FI100023B - Method and apparatus for using an electric vehicle - Google Patents

Description

, 100023

The present invention relates to a method and apparatus for operating an electric vehicle, and more particularly to operating it in a manner in which the functions required in a high-performance electric vehicle, i.e., a 3-phase AC motor drive motor, a wide voltage and power charging device, The 12 V converter and the compressor controller of the heating and air conditioning unit are integrated into the same unit so as to achieve a cost-effective solution to minimize the complexity and cost of the equipment 10 and to minimize the need for mechanical switches.

The method according to the generally known technique is to implement said functions as separate devices. The procedure results in an unnecessarily complex structure. U.S. Patents 5,291,388 and 5,309,073 also disclose prior art methods for integrating some of said functions into the same entity to minimize complexity. It has not been possible to integrate all these functions in these systems either.

The circuit according to the invention implements all said functions with approximately the same number of power semiconductors, which would already be required for the drive motor drive and charger of a 3-phase AC motor alone as separate units.

An exemplary connection according to the invention for arranging the functions 25 of an electric vehicle is illustrated in the following Figure 1, which shows all the main basic functions arranged according to an embodiment of the invention.
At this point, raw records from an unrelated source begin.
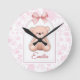 Emilia | Custom Pink Teddy Bear Nursery Design Round Clock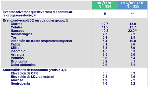 - Las nauseas fueron reportadas significativamente en forma más frecuente en pacientes tratados con DTG/ABC/3TC (p < 0.001)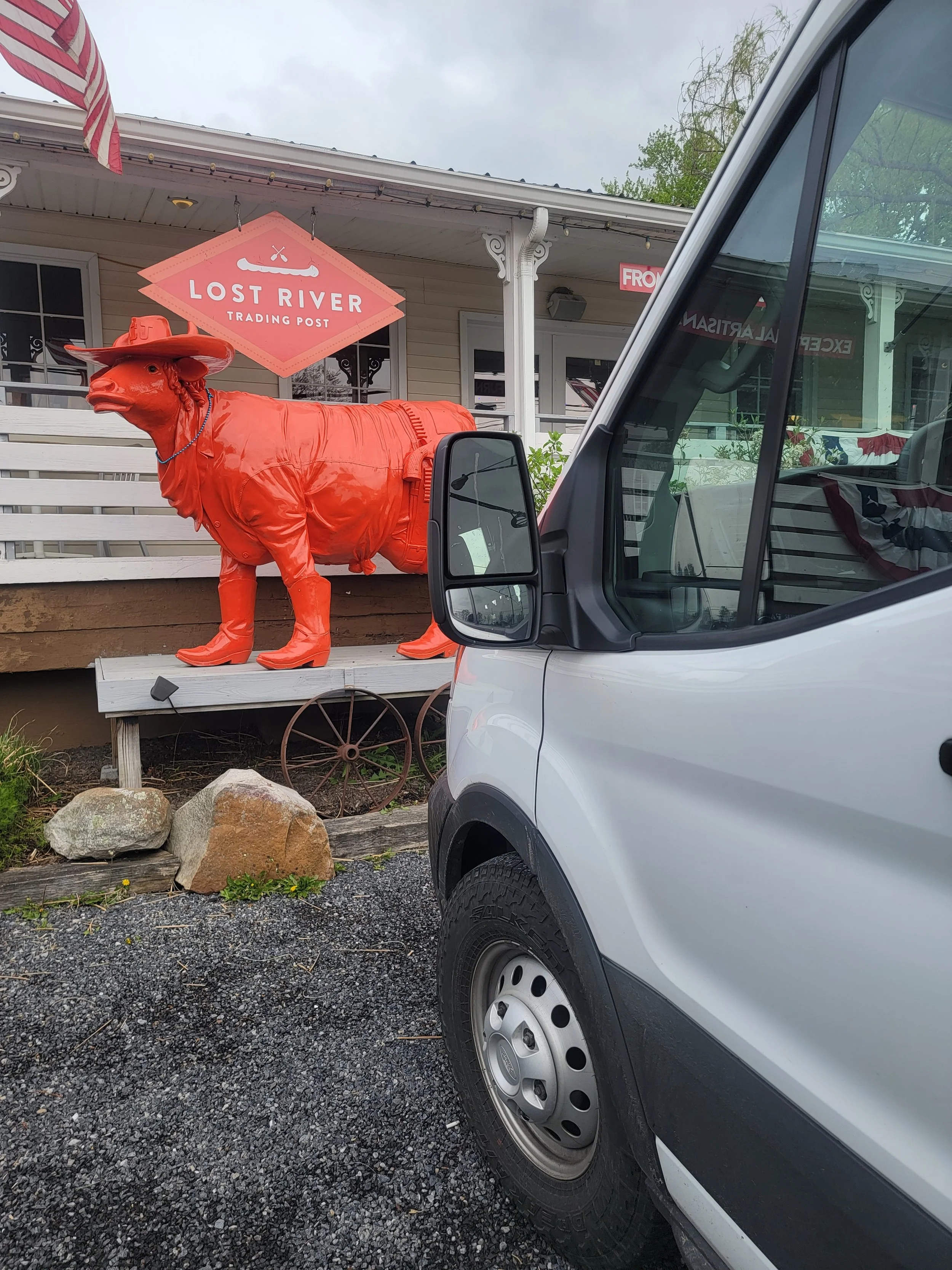 You know you made it to Lost River Trading Post when you see the bright orange cow wearing boots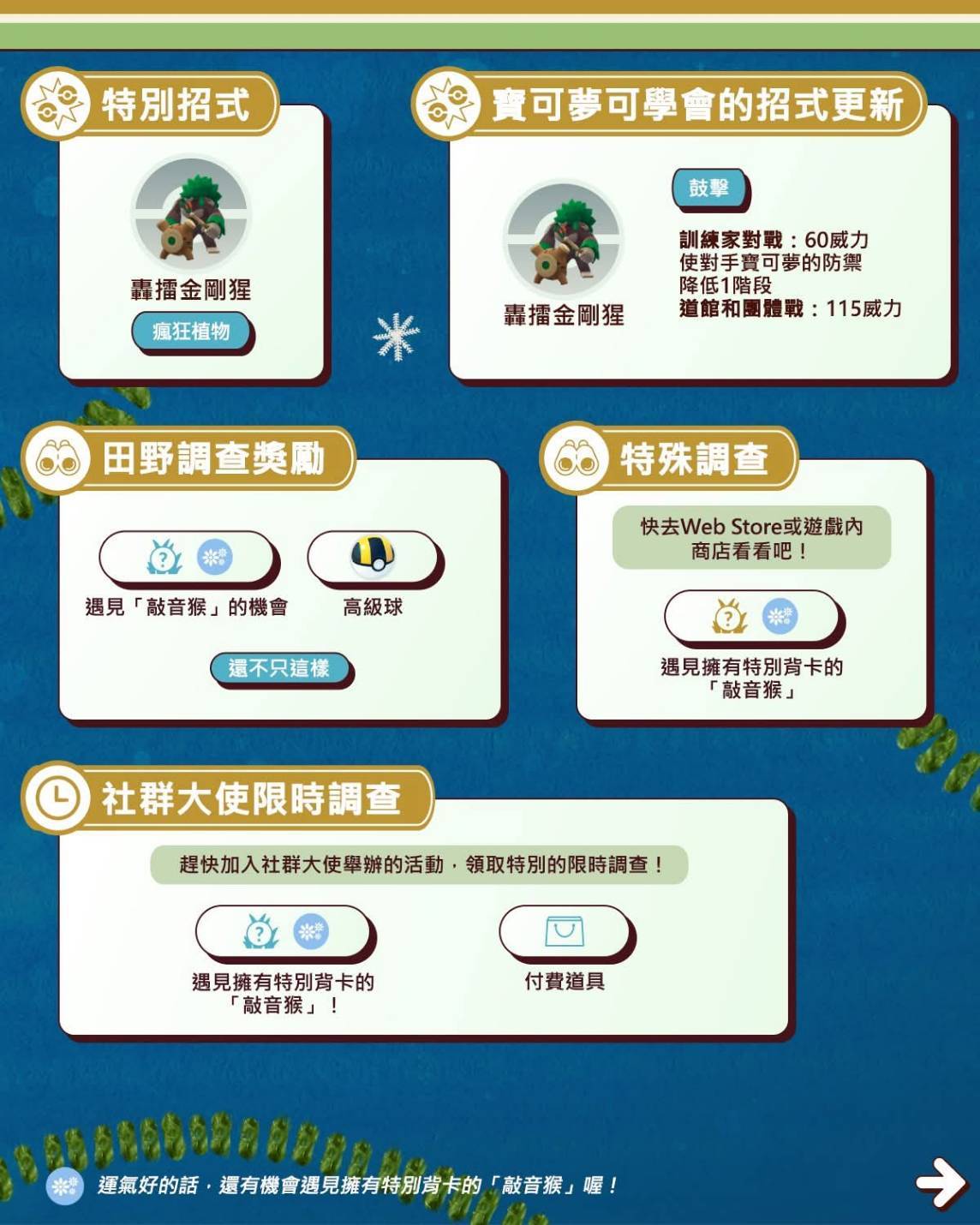 限時調查 (社群大使舉辦的活動): 社群日活動中登入遊戲,即可解鎖限時調查,完成後可遇見擁有特別背卡的敲音猴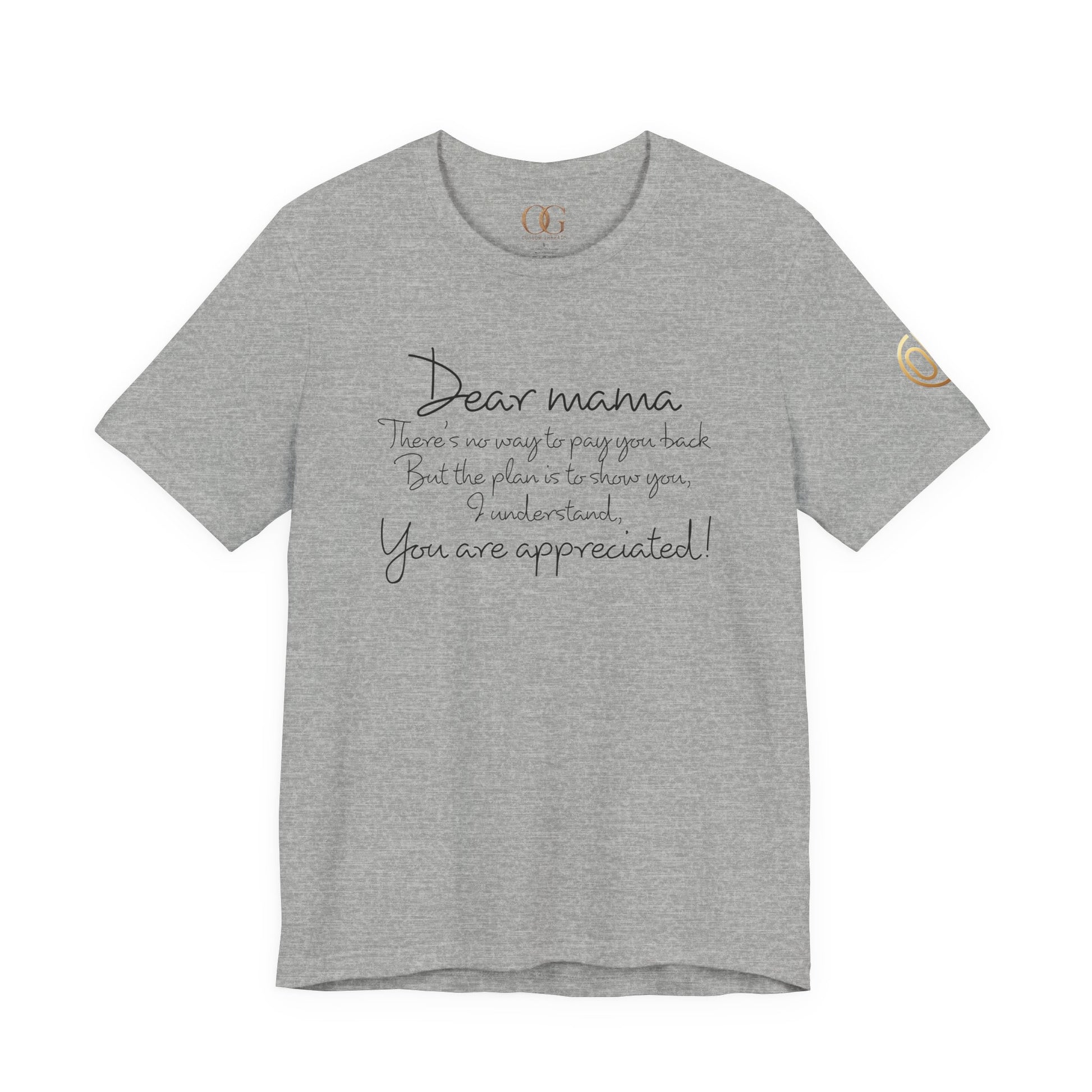 Introducing the perfect addition to your casual wardrobe: this Unisex Jersey Short Sleeve Tee combines comfort with a heartfelt message. The soft, breathable fabric ensures a cozy fit whether you're lounging at home or out and about. With its classic crew neckline and relaxed style, it’s ideal for pairing with jeans or layering under a jacket. Perfect for gifting on Mother's Day, birthdays, or just to show appreciation to the amazing mothers in your life, this tee radiates warmth and thoughtfulness. It’s suitable for anyone looking to express gratitude and love, making it a wonderful choice for family gatherings or casual outings.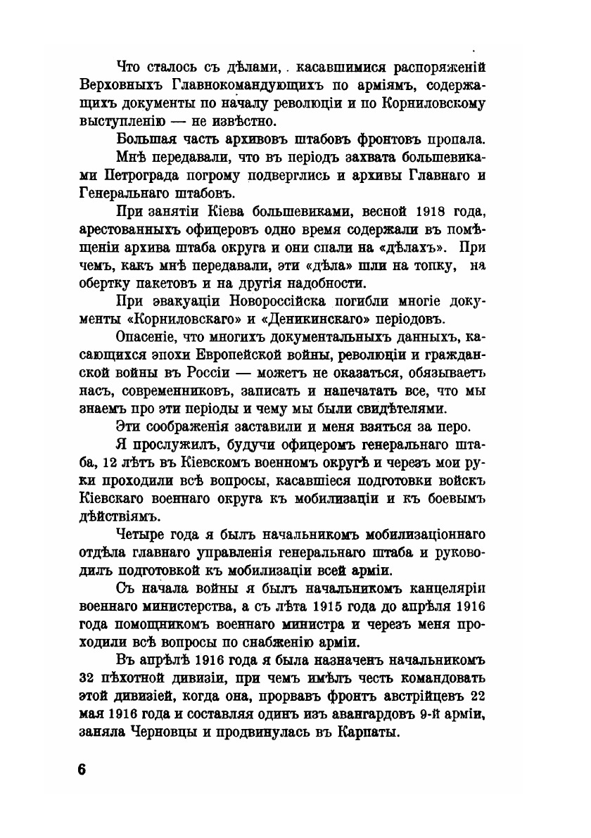 В I томе воспоминаний генерала А.С.Лукомского освещаются след.вопросы: Период, предшествовавший европейской войнe и подготовка к ней; Период европейской войны и государственный переворот; Начало разрухи в России; Борьба с большевиками; Корниловское выступление и начало Добровольческой армии.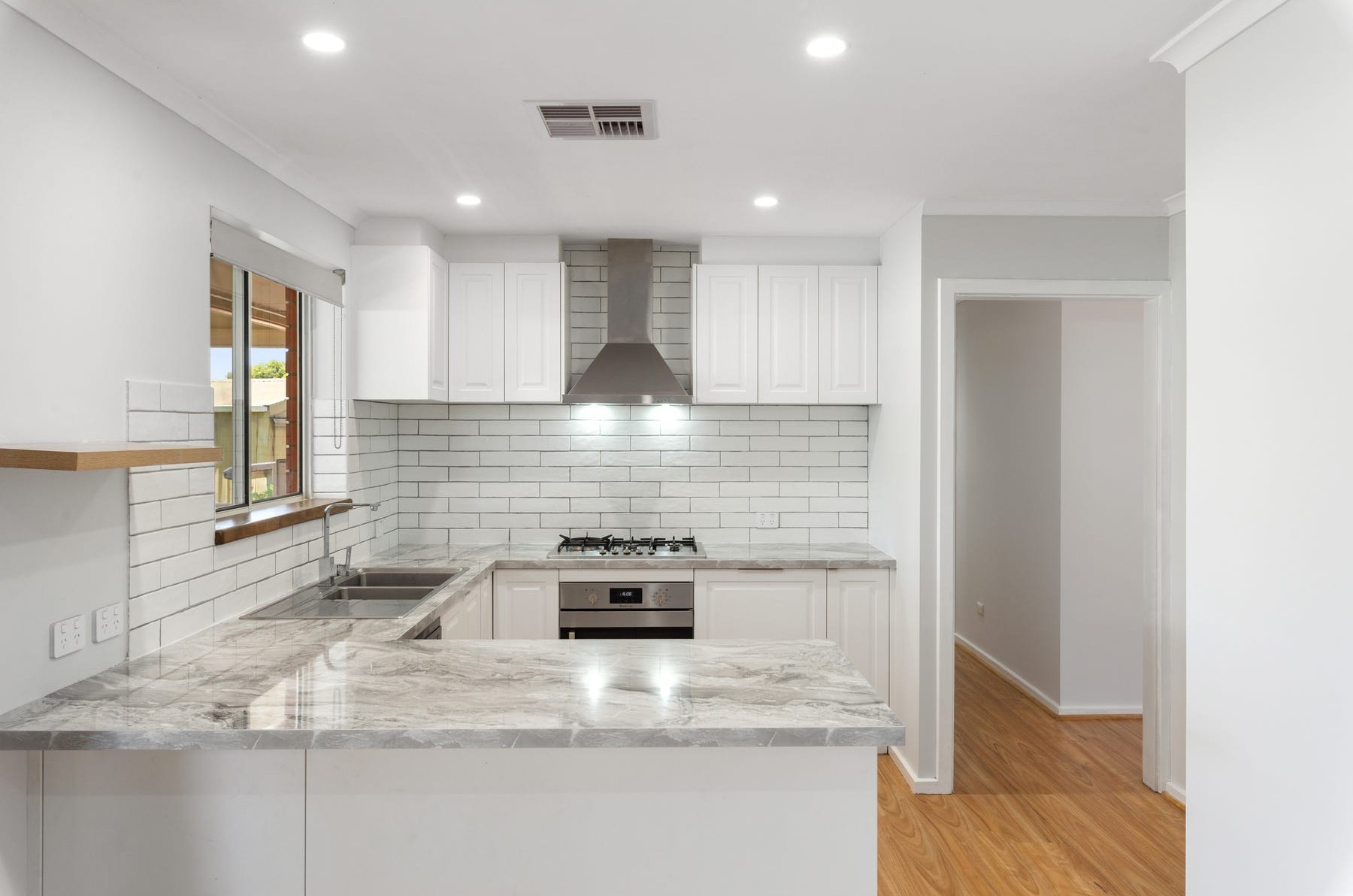 - Kitchen: Gas cooktop, electric oven, dishwasher, ample bench and cupboard space

The components and their main functions are first listed and then the operation of the connection for different purposes is explained in more detail.

30 Electric machine 1 is in propulsion operation of an electric vehicle. This electric machine is a 3-phase and can be an asynchronous synchronous machine, a permanent magnet synchronous machine, a separately magnetized synchronous machine or a reluctance machine. This electric machine can act as both a motor and a generator in both directions of rotation. The electric machine 1 is controlled by 2 100023 inverter bridges consisting of six electrically controlled switches 2, which also have a resistance-connected diode 2 '. These switches 2 can be transistors, fetters, IGBTs or MCTs, or any other switches operating in a similar manner. The phase currents of the electric machine 1 are measured by two current sensors 3.

5 The DC filtering of the inverter bridge is performed by a capacitor 4, which forms a DC voltage circuit of the inverter bridge 2.

The current from the energy source of the electric vehicle, in particular the battery, to the device is measured, if desired, by a current sensor 5. This current sensor is not essential for the function of the invention, it can be located at different points in the circuit or even completely absent. The current from the energy source can be connected to or disconnected from the inverter bridge by a mechanical power switch 6. The current from the energy source is controlled by fuse 7. This fuse can be a wire fuse, a semiconductor fuse or any other component suitable for overcurrent protection. The fuse 7 is not critical to the operation of this invention, so it may be located at a different point in the circuit, or even completely missing.

The fuse 8 acts as a protection for the circuit of the second converter and is otherwise subject to the same considerations as the fuse 7. The switch 9 consists of two resistively connected 20 electrically controlled components. The switch 9 can be, for example, a relay contact, a thyristor, a triac or any other similar switch. The choke 10 acts as a choke for the charge switch. Diode 11 separates the DC voltage of the inverter circuit and the DC voltage of the second converter so that the DC voltage of the second converter may be higher than the DC voltage of the inverter, but current may flow from the DC voltage circuit of the inverter to the DC circuit of the second converter.

The two capacitors 13, 13 'and the resistor 14, 14' form a filter of the DC voltage circuit of the second converter, as well as an auxiliary voltage level between the DC voltage of the second converter and zero. The two capacitors 13,13 'also participated in generating the above-mentioned auxiliary voltage level in addition to acting on the energy reserve. A resistor can be placed to limit the current flowing between the auxiliary voltage levels formed by the capacitor pair 13,13 'or possibly two pairs of capacitors, if these auxiliary voltage levels are at different potentials. The resistor is not critical to the operation of this invention, but may also be replaced by a short circuit, or omitted altogether. The diode pair 15, 15 'acts as a path for the residual current of the half-bridge breaker transformer 16.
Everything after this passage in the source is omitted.